Tomada y el «alma mater» del Ministerio de Trabajo en materia de derecho laboral, la secretaria Noemí Rial, ya advirtieron la incomodidad de los reclamos de Moyano. Ellos, sobre todo la doctora Rial, tuvieron participación en la elaboración de algunas normas principales de los '90, de esas que quiere derogar el camionero. Pero lo que más los inquieta es otro aspecto de la discusión: en medio de una negociación áspera con el Fondo Monetario Internacional, el verano de 2004 es el peor momento para introducir la variable laboral como objeto de debate. Sobre todo porque la normativa que impugnan Moyano/Recalde ha sido el resultado de acuerdos anteriores con ese organismo, que siempre puso el foco en el mercado laboral para recomendar reformas estructurales.

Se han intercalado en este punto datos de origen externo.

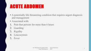 The document presents case studies on acute abdomen, highlighting its urgency and the importance of timely diagnosis and management. It discusses various conditions associated with acute abdomen, such as abdominal aortic aneurysm, toxic megacolon, sigmoid volvulus, and ectopic pregnancy, detailing symptoms, diagnostic imaging, and treatment approaches. Key takeaways include the need for rapid evaluation, pre-operative optimization, and considerations for surgical intervention.
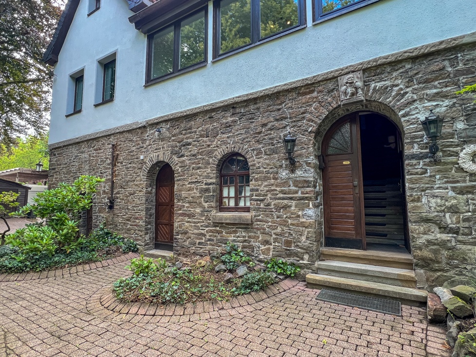 Zugang: Massive Doppeleichentür mit zus. Einbruchsschutz, Natursteintreppe

La estrategia que comenzaron a balbucear estos funcionarios, mientras Roberto Lavagna guarda un sospechoso silencio, consiste en derivar más allá de marzo el tratamiento de cualquier iniciativa legislativa. Además, Tomada aspira a multiplicar los interlocutores: finalmente, como en el caso de De la Rúa y Flamarique, serán los «gordos» de la CGT tradicional los que terminen convalidando una modificación aceptable en la arquitectura que Moyano quiere volver a cero. Fueron ellos (Rodolfo Daer, Carlos West Ocampo, Oscar Lescano y Armando Cavalieri) los que pactaron con la administración radical la ley ahora cuestionada, convertida en un híbrido a partir de ese acuerdo.

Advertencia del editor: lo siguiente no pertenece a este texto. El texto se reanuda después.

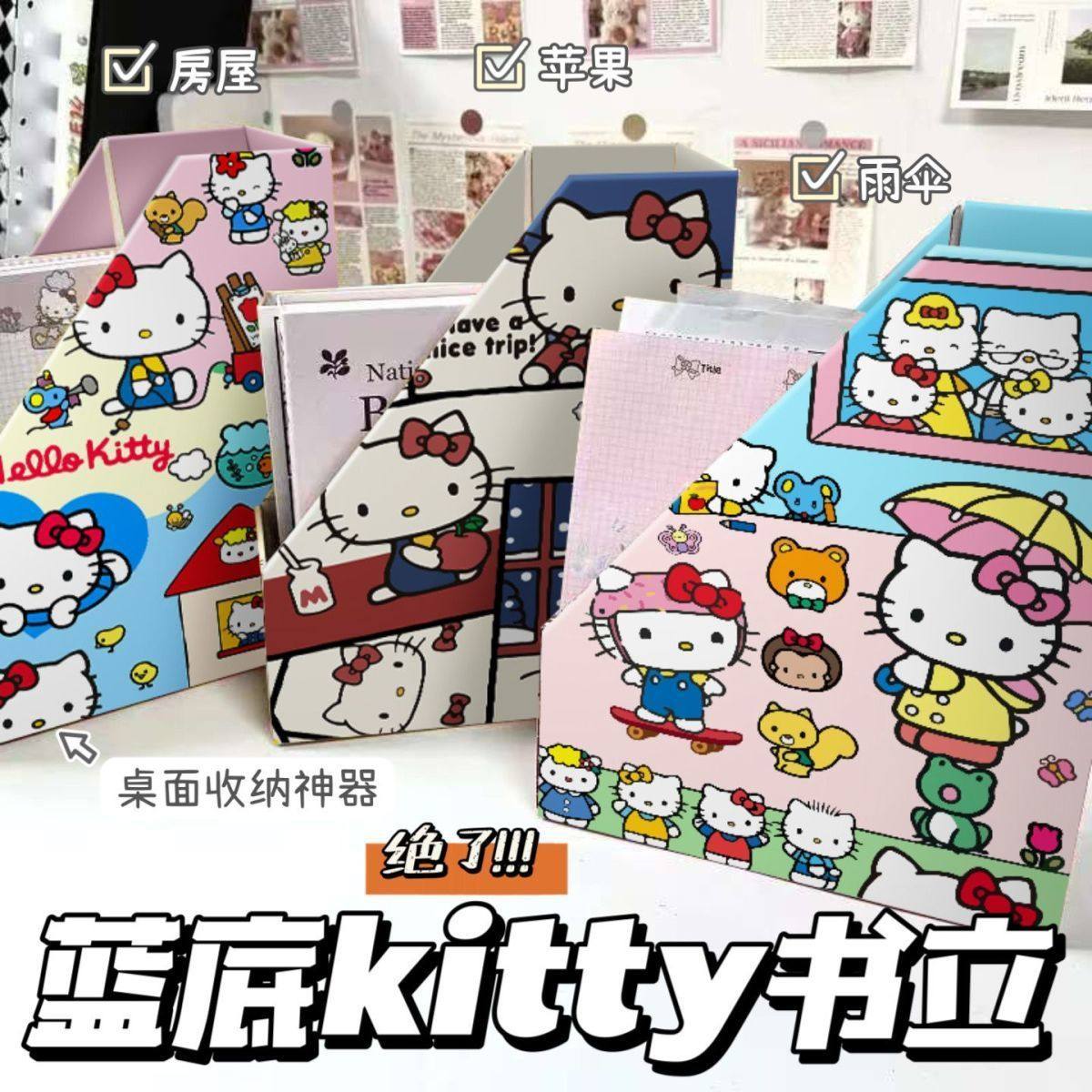 Popular Blue Background Kt Cat Xiaohongshu Same Style Paper Book Stand Bookshelf Desktop Notebook Book Storage Rack

Condicionado por el Fondo y desafiado por el desenfreno de Moyano, Kirchner tampoco cuenta con operadores prudentes en el Congreso. Allí, el primero que abrió la boca fue el presidente del bloque de diputados, José María Díaz Bancalari, quien recomendó revisar todo el derecho laboral argentino. Díaz Bancalari, además de obedecer a sus orígenes metalúrgicos, abreva en las ideas de Saúl Ubaldini, estrella gremial de su bancada. Así y todo, el cuadro no está completo. El gobierno todavía no advierte la presencia de otro actor que se relame con esta dificultad, Eduardo Duhalde, quien cree haber encontrado por primera vez una encrucijada real a partir de la cual negociar con Kirchner.